* Records from a data source
=== Section Start ===
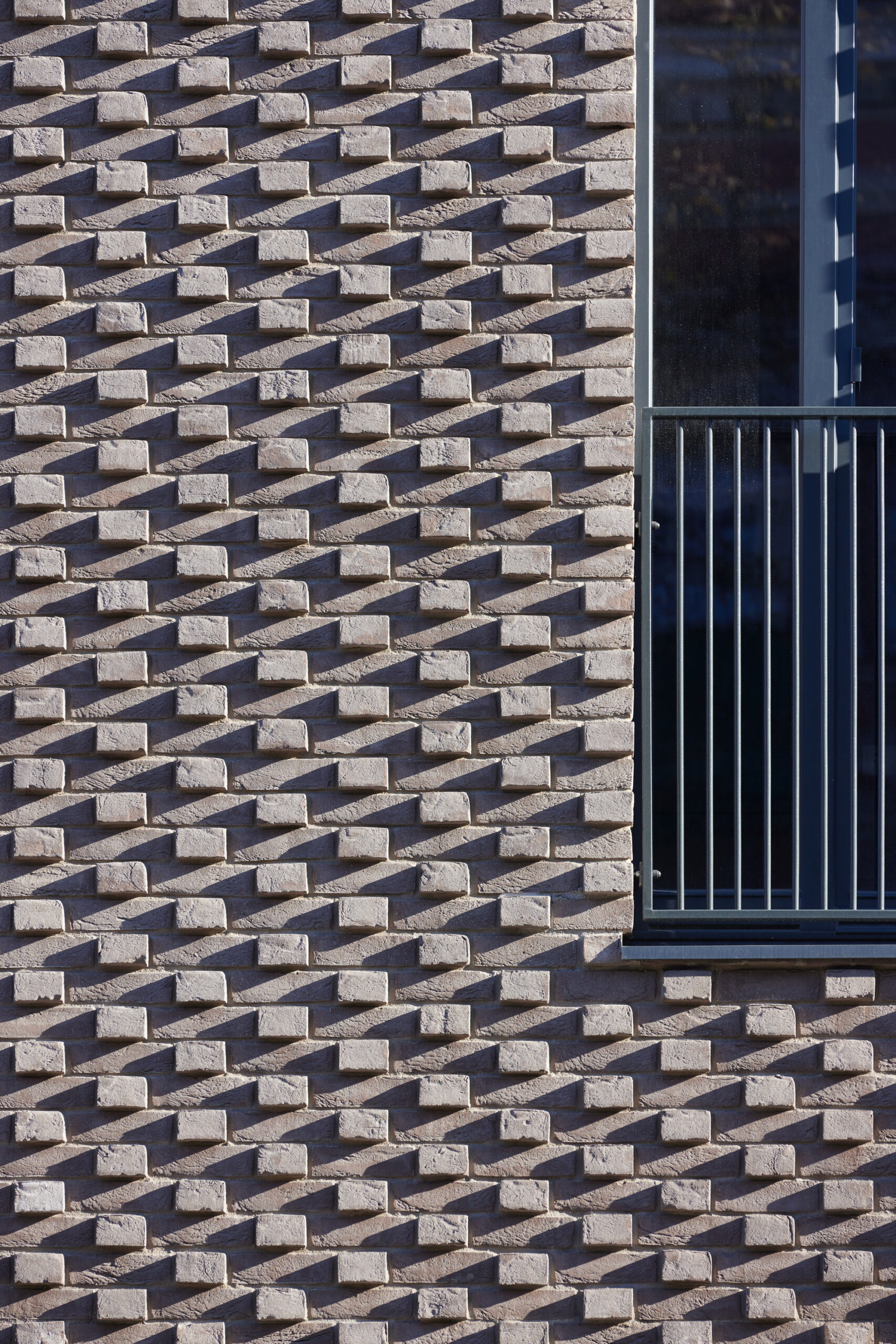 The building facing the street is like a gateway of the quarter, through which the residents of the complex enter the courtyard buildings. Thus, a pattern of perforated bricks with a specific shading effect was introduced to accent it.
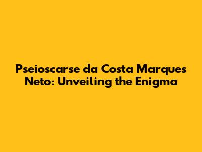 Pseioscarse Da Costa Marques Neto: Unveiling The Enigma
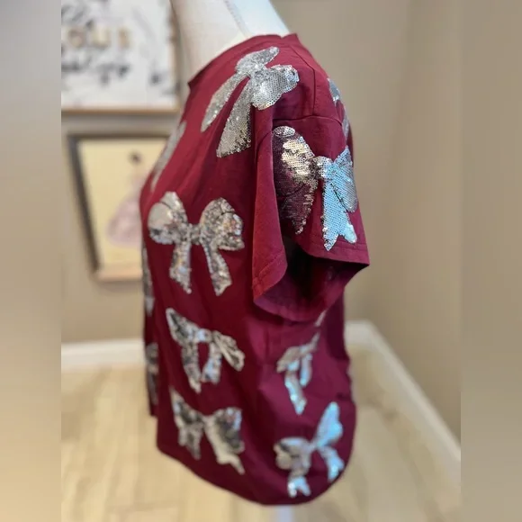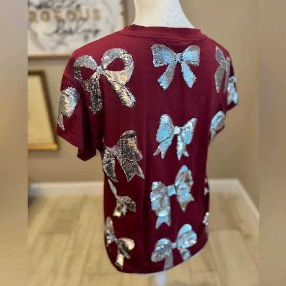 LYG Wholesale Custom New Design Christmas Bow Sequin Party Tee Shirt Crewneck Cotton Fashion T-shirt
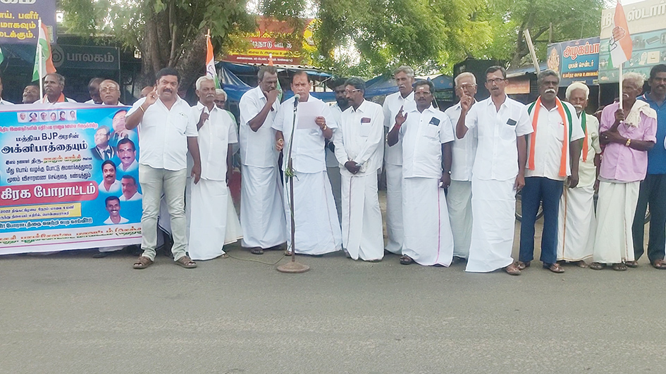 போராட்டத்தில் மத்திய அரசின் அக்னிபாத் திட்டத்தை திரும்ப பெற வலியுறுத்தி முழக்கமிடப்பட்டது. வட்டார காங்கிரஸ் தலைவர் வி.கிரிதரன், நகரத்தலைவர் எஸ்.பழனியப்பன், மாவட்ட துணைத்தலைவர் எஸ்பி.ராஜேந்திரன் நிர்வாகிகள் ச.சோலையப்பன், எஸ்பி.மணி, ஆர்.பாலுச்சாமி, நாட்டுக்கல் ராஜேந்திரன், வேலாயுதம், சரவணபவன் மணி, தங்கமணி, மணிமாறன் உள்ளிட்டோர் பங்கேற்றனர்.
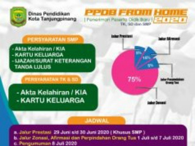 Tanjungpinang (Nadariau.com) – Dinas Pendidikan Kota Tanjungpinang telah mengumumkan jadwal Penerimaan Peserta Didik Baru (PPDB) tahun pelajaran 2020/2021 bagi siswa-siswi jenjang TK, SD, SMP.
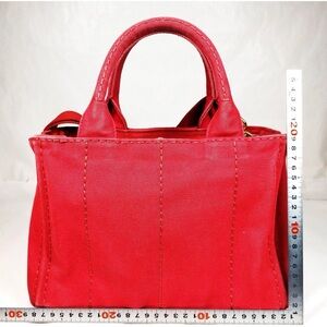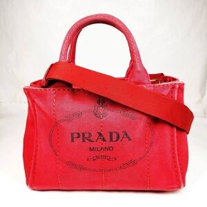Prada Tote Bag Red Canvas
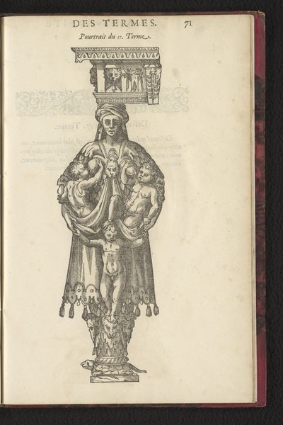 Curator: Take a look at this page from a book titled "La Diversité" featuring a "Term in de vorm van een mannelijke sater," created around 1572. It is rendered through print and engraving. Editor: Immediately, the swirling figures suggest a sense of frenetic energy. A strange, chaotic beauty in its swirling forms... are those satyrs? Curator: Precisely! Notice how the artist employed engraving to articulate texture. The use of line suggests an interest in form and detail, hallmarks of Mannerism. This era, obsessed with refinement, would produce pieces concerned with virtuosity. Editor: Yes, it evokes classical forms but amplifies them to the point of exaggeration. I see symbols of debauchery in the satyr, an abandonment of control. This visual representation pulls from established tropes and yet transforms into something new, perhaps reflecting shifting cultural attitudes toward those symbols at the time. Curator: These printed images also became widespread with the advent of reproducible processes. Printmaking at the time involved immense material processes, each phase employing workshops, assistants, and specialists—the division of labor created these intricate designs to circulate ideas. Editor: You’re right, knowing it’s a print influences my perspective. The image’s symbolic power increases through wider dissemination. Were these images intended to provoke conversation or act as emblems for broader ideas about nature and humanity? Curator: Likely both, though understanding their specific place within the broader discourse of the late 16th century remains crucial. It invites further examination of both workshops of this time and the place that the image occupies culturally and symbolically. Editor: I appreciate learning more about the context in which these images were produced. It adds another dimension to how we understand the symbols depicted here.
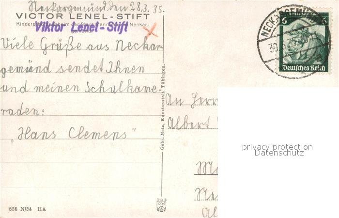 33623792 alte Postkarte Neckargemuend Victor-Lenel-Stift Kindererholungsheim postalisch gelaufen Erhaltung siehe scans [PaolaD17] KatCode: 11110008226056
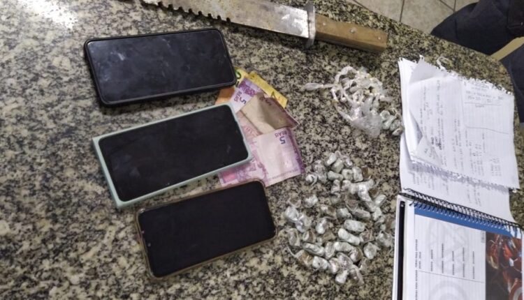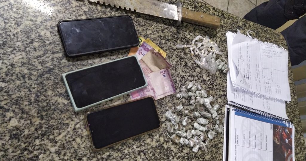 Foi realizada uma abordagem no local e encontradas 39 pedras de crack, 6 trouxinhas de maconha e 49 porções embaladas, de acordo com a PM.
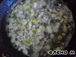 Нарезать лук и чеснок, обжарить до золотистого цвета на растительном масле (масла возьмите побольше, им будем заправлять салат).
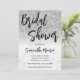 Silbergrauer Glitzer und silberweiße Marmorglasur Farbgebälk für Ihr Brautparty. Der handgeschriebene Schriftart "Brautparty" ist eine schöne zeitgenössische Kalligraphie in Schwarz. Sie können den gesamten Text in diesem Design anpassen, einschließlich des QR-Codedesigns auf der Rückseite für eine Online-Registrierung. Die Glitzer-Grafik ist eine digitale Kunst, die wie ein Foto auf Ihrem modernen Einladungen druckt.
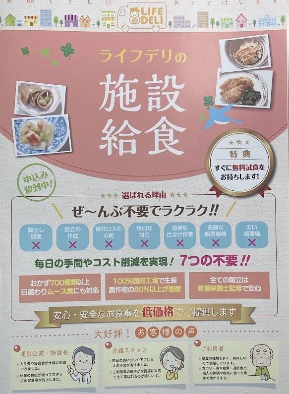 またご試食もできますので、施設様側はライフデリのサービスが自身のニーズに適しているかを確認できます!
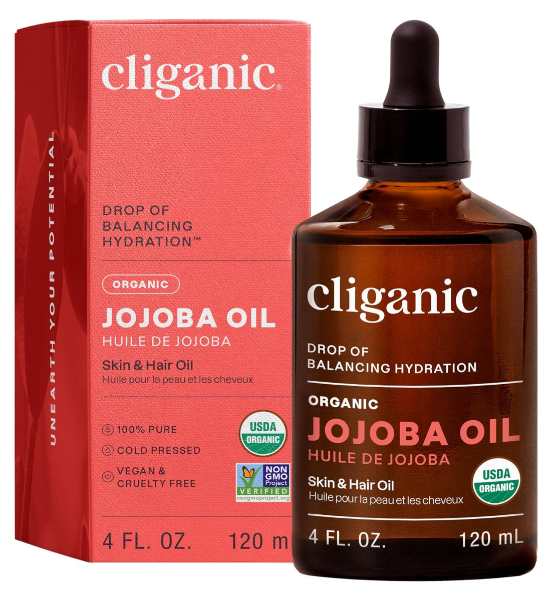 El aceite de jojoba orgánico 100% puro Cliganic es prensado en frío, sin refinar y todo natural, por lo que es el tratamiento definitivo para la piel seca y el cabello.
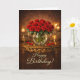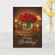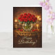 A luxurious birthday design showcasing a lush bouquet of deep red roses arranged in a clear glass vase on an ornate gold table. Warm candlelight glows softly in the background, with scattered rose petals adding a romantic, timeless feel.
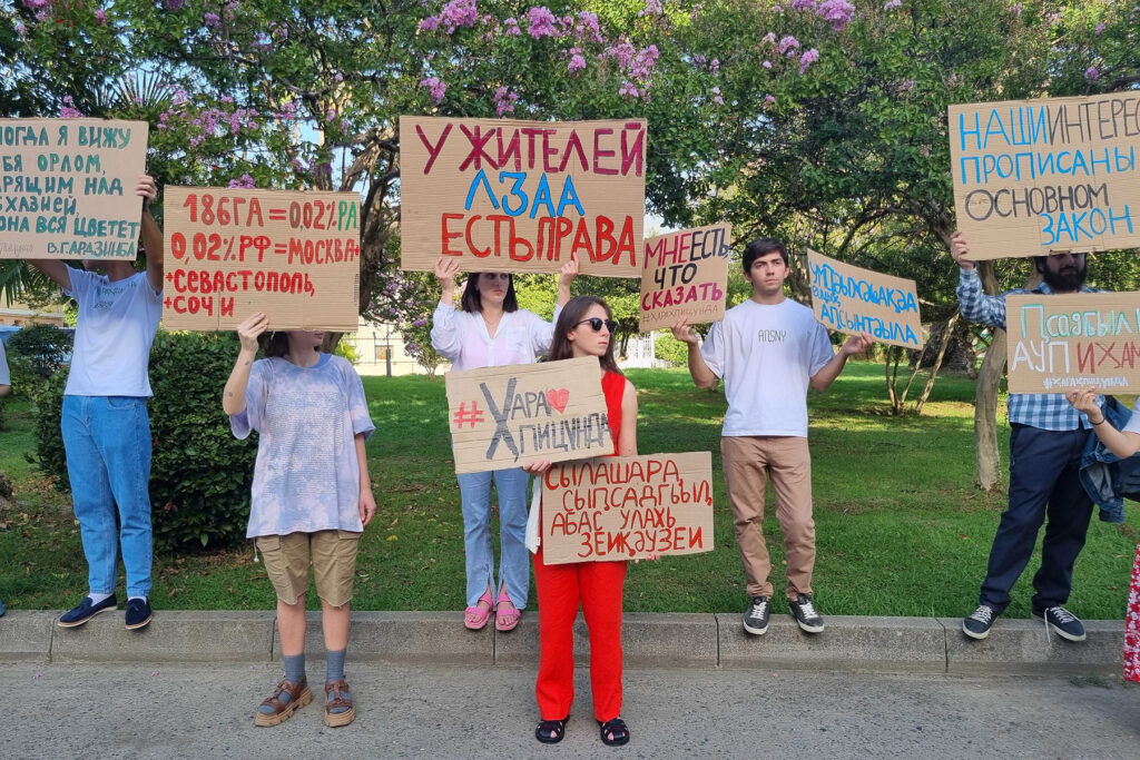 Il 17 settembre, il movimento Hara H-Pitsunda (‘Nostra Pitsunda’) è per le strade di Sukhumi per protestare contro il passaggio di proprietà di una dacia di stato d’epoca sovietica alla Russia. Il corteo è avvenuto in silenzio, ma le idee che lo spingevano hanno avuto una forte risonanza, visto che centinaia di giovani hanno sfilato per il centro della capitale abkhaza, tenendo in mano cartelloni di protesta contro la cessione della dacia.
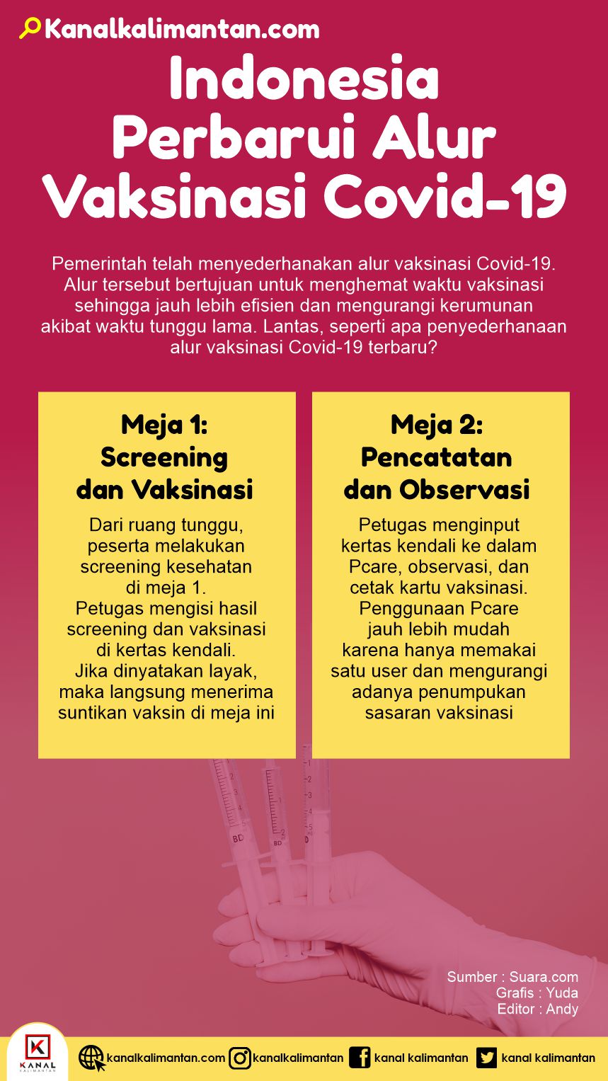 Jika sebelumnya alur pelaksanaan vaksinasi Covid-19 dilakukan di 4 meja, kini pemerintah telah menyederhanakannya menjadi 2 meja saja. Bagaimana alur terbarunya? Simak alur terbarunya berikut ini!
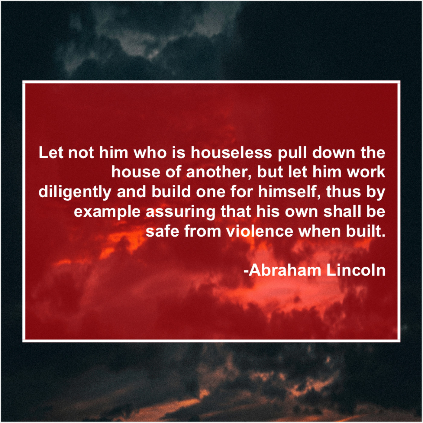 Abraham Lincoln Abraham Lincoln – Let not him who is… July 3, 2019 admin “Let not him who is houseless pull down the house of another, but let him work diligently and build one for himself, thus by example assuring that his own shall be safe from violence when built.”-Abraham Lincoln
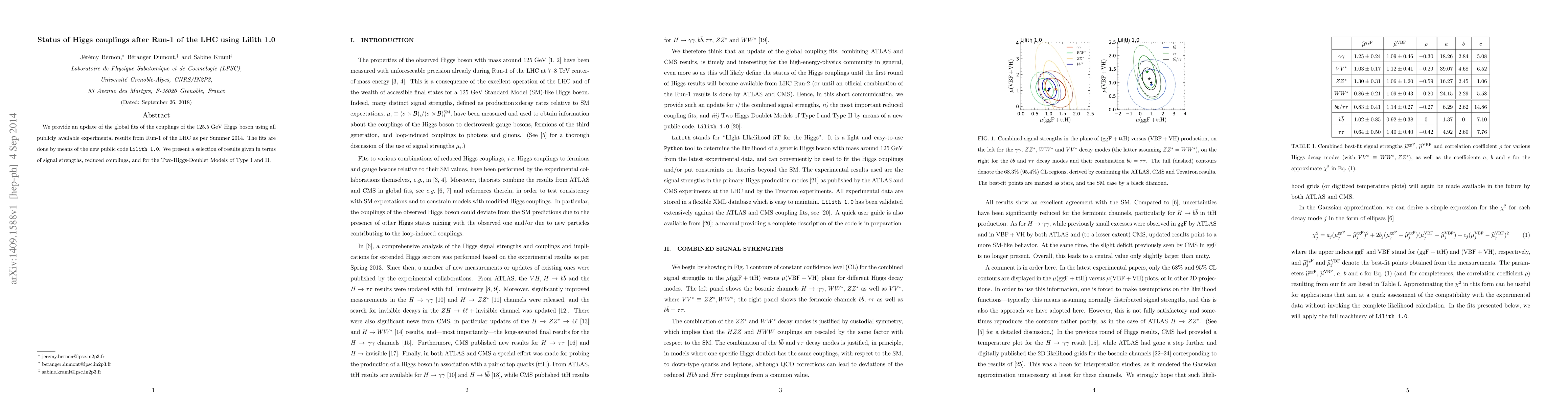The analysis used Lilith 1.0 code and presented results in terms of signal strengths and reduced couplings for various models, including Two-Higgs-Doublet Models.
=== Section End ===
Please transcribe every record above exactly as written, leaving out the pictures.

* Reply to the exercise
 The building facing the street is like a gateway of the quarter, through which the residents of the complex enter the courtyard buildings. Thus, a pattern of perforated bricks with a specific shading effect was introduced to accent it.
 Pseioscarse Da Costa Marques Neto: Unveiling The Enigma
 LYG Wholesale Custom New Design Christmas Bow Sequin Party Tee Shirt Crewneck Cotton Fashion T-shirt
 போராட்டத்தில் மத்திய அரசின் அக்னிபாத் திட்டத்தை திரும்ப பெற வலியுறுத்தி முழக்கமிடப்பட்டது. வட்டார காங்கிரஸ் தலைவர் வி.கிரிதரன், நகரத்தலைவர் எஸ்.பழனியப்பன், மாவட்ட துணைத்தலைவர் எஸ்பி.ராஜேந்திரன் நிர்வாகிகள் ச.சோலையப்பன், எஸ்பி.மணி, ஆர்.பாலுச்சாமி, நாட்டுக்கல் ராஜேந்திரன், வேலாயுதம், சரவணபவன் மணி, தங்கமணி, மணிமாறன் உள்ளிட்டோர் பங்கேற்றனர்.
 Tanjungpinang (Nadariau.com) – Dinas Pendidikan Kota Tanjungpinang telah mengumumkan jadwal Penerimaan Peserta Didik Baru (PPDB) tahun pelajaran 2020/2021 bagi siswa-siswi jenjang TK, SD, SMP.
Prada Tote Bag Red Canvas
 Curator: Take a look at this page from a book titled "La Diversité" featuring a "Term in de vorm van een mannelijke sater," created around 1572. It is rendered through print and engraving. Editor: Immediately, the swirling figures suggest a sense of frenetic energy. A strange, chaotic beauty in its swirling forms... are those satyrs? Curator: Precisely! Notice how the artist employed engraving to articulate texture. The use of line suggests an interest in form and detail, hallmarks of Mannerism. This era, obsessed with refinement, would produce pieces concerned with virtuosity. Editor: Yes, it evokes classical forms but amplifies them to the point of exaggeration. I see symbols of debauchery in the satyr, an abandonment of control. This visual representation pulls from established tropes and yet transforms into something new, perhaps reflecting shifting cultural attitudes toward those symbols at the time. Curator: These printed images also became widespread with the advent of reproducible processes. Printmaking at the time involved immense material processes, each phase employing workshops, assistants, and specialists—the division of labor created these intricate designs to circulate ideas. Editor: You’re right, knowing it’s a print influences my perspective. The image’s symbolic power increases through wider dissemination. Were these images intended to provoke conversation or act as emblems for broader ideas about nature and humanity? Curator: Likely both, though understanding their specific place within the broader discourse of the late 16th century remains crucial. It invites further examination of both workshops of this time and the place that the image occupies culturally and symbolically. Editor: I appreciate learning more about the context in which these images were produced. It adds another dimension to how we understand the symbols depicted here.
 33623792 alte Postkarte Neckargemuend Victor-Lenel-Stift Kindererholungsheim postalisch gelaufen Erhaltung siehe scans [PaolaD17] KatCode: 11110008226056
 Foi realizada uma abordagem no local e encontradas 39 pedras de crack, 6 trouxinhas de maconha e 49 porções embaladas, de acordo com a PM.
 Нарезать лук и чеснок, обжарить до золотистого цвета на растительном масле (масла возьмите побольше, им будем заправлять салат).
 Silbergrauer Glitzer und silberweiße Marmorglasur Farbgebälk für Ihr Brautparty. Der handgeschriebene Schriftart "Brautparty" ist eine schöne zeitgenössische Kalligraphie in Schwarz. Sie können den gesamten Text in diesem Design anpassen, einschließlich des QR-Codedesigns auf der Rückseite für eine Online-Registrierung. Die Glitzer-Grafik ist eine digitale Kunst, die wie ein Foto auf Ihrem modernen Einladungen druckt.
 またご試食もできますので、施設様側はライフデリのサービスが自身のニーズに適しているかを確認できます!
 El aceite de jojoba orgánico 100% puro Cliganic es prensado en frío, sin refinar y todo natural, por lo que es el tratamiento definitivo para la piel seca y el cabello.
 A luxurious birthday design showcasing a lush bouquet of deep red roses arranged in a clear glass vase on an ornate gold table. Warm candlelight glows softly in the background, with scattered rose petals adding a romantic, timeless feel.
 Il 17 settembre, il movimento Hara H-Pitsunda (‘Nostra Pitsunda’) è per le strade di Sukhumi per protestare contro il passaggio di proprietà di una dacia di stato d’epoca sovietica alla Russia. Il corteo è avvenuto in silenzio, ma le idee che lo spingevano hanno avuto una forte risonanza, visto che centinaia di giovani hanno sfilato per il centro della capitale abkhaza, tenendo in mano cartelloni di protesta contro la cessione della dacia.
 Jika sebelumnya alur pelaksanaan vaksinasi Covid-19 dilakukan di 4 meja, kini pemerintah telah menyederhanakannya menjadi 2 meja saja. Bagaimana alur terbarunya? Simak alur terbarunya berikut ini!
 Abraham Lincoln Abraham Lincoln – Let not him who is… July 3, 2019 admin “Let not him who is houseless pull down the house of another, but let him work diligently and build one for himself, thus by example assuring that his own shall be safe from violence when built.”-Abraham Lincoln
The analysis used Lilith 1.0 code and presented results in terms of signal strengths and reduced couplings for various models, including Two-Higgs-Doublet Models.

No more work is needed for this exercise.